The reason is that traditional view to run with OpenGL GPU-based rasterization has been designed for millions of polygons while visualization needs to support billions to trillions of elements. The solution is large-scale CPU-based ray tracing using packages such as OSPRay running on big memory CPU nodes and the use of in-situ visualization. Memory capacity is very important, hence the need to use big memory computational nodes. Thus the mindset to “just use the same GPU graphics we use for games” is disappearing to be replaced with CPU-based Software Defined Visualization (SDVis).
Demonstrations at both the Supercomputing 2017 and the Intel Developers Conference in Denver, Colorado make this concrete by showing that even a device that simply displays an image in a framebuffer (e.g. that renders the image in memrouy and provides no hardware acceleration) can be used to interactively visualize even the most complex photorealistic images. For OpenGL users, David DeMarle, (visualization luminary and engineer at Kitware) observes that, “CPU-based OpenGL performance does not trail off even when rendering meshes containing one trillion (10 ** 12) triangles on the Trinity leadership class supercomputer. Further, we might see a 10-20 trillion triangle per second result as our current benchmark used only 1/19th of the machine”. The ability of the CPU to access large amounts of memory is key to realizing trillion triangle per second rendering capability.

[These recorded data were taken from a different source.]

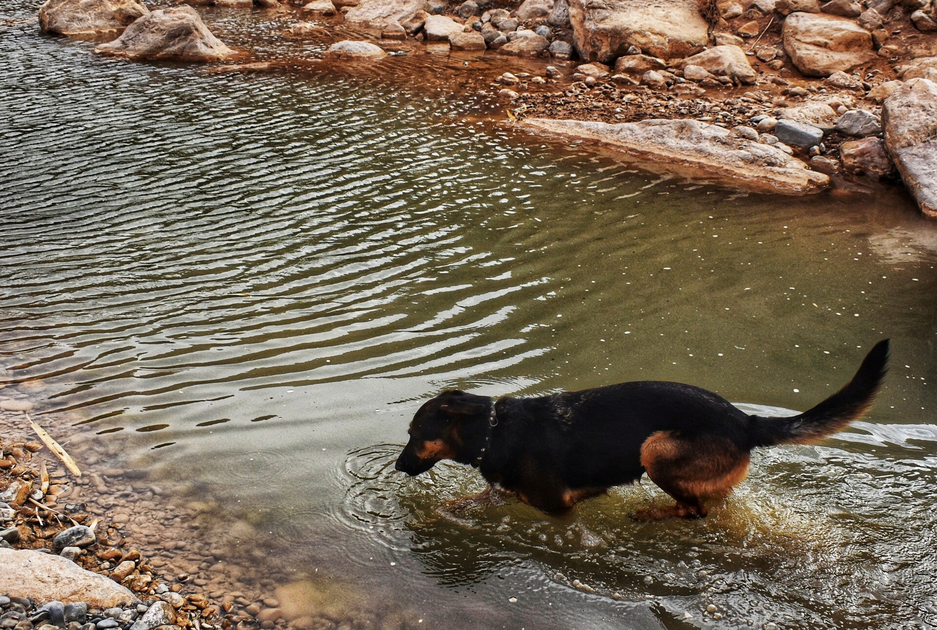 beginnt perfekt weil ich sie sofort ableinen kann. Muss wohl ein richtiger Fluss gewesen sein, oder ist es immer noch. Keine Ahnung ob's eine Jahreszeit gibt wo er richtig Wasser führt.
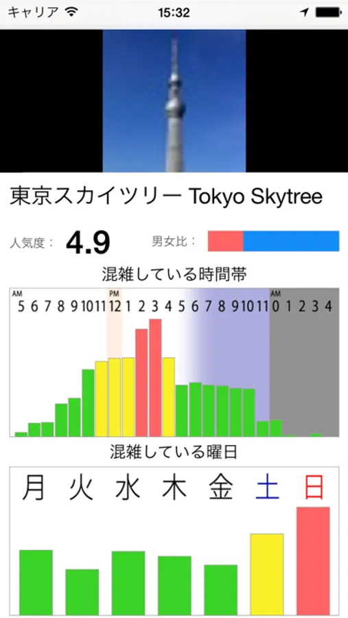 さらに気になるスポットをタップすることで、そのスポットの混雑情報を見ることができます。時間帯ごとの混雑状況、そして曜日ごとの混雑状況がグラフでわかります。住所をタップすると周辺地図と現在地を見ることができます。
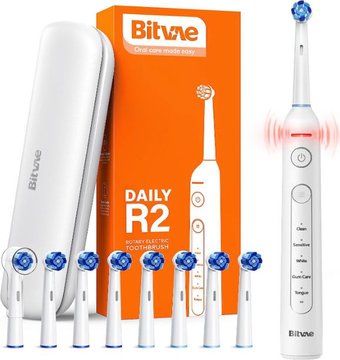 зубная щетка, мягкая чистка/отбеливание/массаж/чистка языка, питание от аккумулятора, движение головки: вращение, в комплекте: футляр, колпачок для насадки, USB-кабель, количество насадок: 8
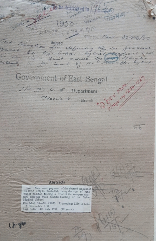 | Rack No. 10, Bundle No. 117 Sl No. 9652 Allotment of funds for repairing the X-ray Machine of the Sadar Hospital, Rangpur. | Rack No. 10, Bundle No. 117 Sl No. 9653 Regarding repairs to the ambulances and truck. | Rack No. 10, Bundle No. 117 Sl No. 9654 Revised pay scale of the Menially attached of the preliminary training school, Dacca. | Rack No. 10, Bundle No. 117 Sl No. 9655 M.S. No. 31 of 1950 Hasib Ullah in the court of 1st Mensiff Sylhet. | Rack No. 10, Bundle No. 117 Sl No. 9656 Sanction for the retention of 12 temporary posts of Female atter. at the Civil Hospital, Sylhet for a further period of one's year from 1.3.49. | Rack No. 10, Bundle No. 117 Sl No. 9657 Purchase of a Gestenther Rotary Duplicator for the Dacca Medical School. | Rack No. 10, Bundle No. 117 Sl No. 9658 Consumption of petrel for motor trucks attached to the central Medical Stores, Tejgaon, and Dacca. |
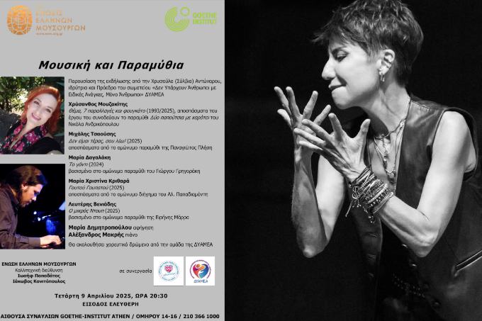 Η Ένωση Ελλήνων Μουσουργών, σε συνεργασία με τον Σύλλογο Φίλων Παιδιών, Εφήβων, Ενηλίκων ΑμεΑ και όλων των παιδιών «Εθελοντούμε», καθώς και το σωματείο «Δεν Υπάρχουν Άνθρωποι με Ειδικές Ανάγκες, Μόνο Άνθρωποι» (ΔΥΑΜΕΑ), σας προσκαλεί στην εκδήλωση «Μουσική και Παραμύθια», μια μοναδική εμπειρία.
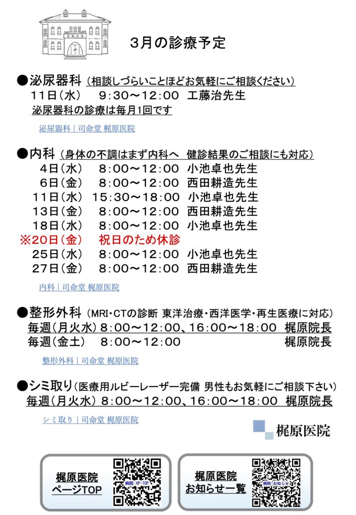 診療の日時は変更になる場合があります。梶原医院のお知らせページをご参照ください。また、お電話(042-685-0611)での確認をおすすめします。
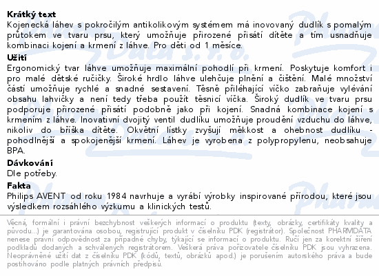 Kojenecká láhev s pokročilým antikolikovým systémem má inovovaný dudlík s pomalým průtokem ve tvaru prsu, který umožňuje přirozené přisátí dítěte a tím usnadňuje kombinaci kojení a krmení z láhve. Pro děti od 1 měsíce.
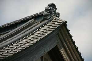 その後、三重塔で著名な「普門寺」(県指定有形文化財)境内を訪れた。参道には大木の気仙杉が多数そびえる。本堂は多彩な彫刻で埋められ、大工から左官、建具、彫刻、船まで何でもこなす気仙大工の技量が伺われた。三重塔は小ぶりだが、各層毎に軒裏意匠が異なる独特のものである。

CPU-based OpenGL performance does not trail off even when rendering meshes containing one trillion (10 ** 12) triangles on the Trinity leadership class supercomputer. Further, we might see a 10-20 trillion triangle per second result as our current benchmark used only 1/19th of the machine. – David DeMarle, Kitware
Where visualization broke and how Utah used CPUs to fix it
Understanding the distinction between indirect and direct rendering is important to understanding the problem. Indirect rendering is based on triangles, it has a large memory overhead, and introduces a complex, high overhead or “heavy” preprocess pipeline workflow. In contrast, direct rendering is based on volumes (a natural construct for scientific computing), has a low memory overhead, and utilizes a flat preprocess workflow that introduces little or no overhead.
Starting in 2010, the University of Utah team then headed by Aaron Knoll re-envisioned scientific visualization by moving to direct rendering visualization techniques. The early approach used grid-based volumes plus glyphs and ray casting on the GPU. The benefit of direct visualization allowed the team to immediately see and analyze materials data with almost no preprocessing, thus making the transition a win. However, slow data transport across the PCIe bus and lack of memory on the GPU limited success and broke production codes such as Nanovol. The work of Ken-ichi Nomura (then at USC) highlights very slow visualization performance on a 1 GB/time step 15M ANP3 aluminum oxidation data set. This caused the Utah visualization team to examine other approaches including the then highly controversial use of CPUs for visualization to get around the GPU related performance problems.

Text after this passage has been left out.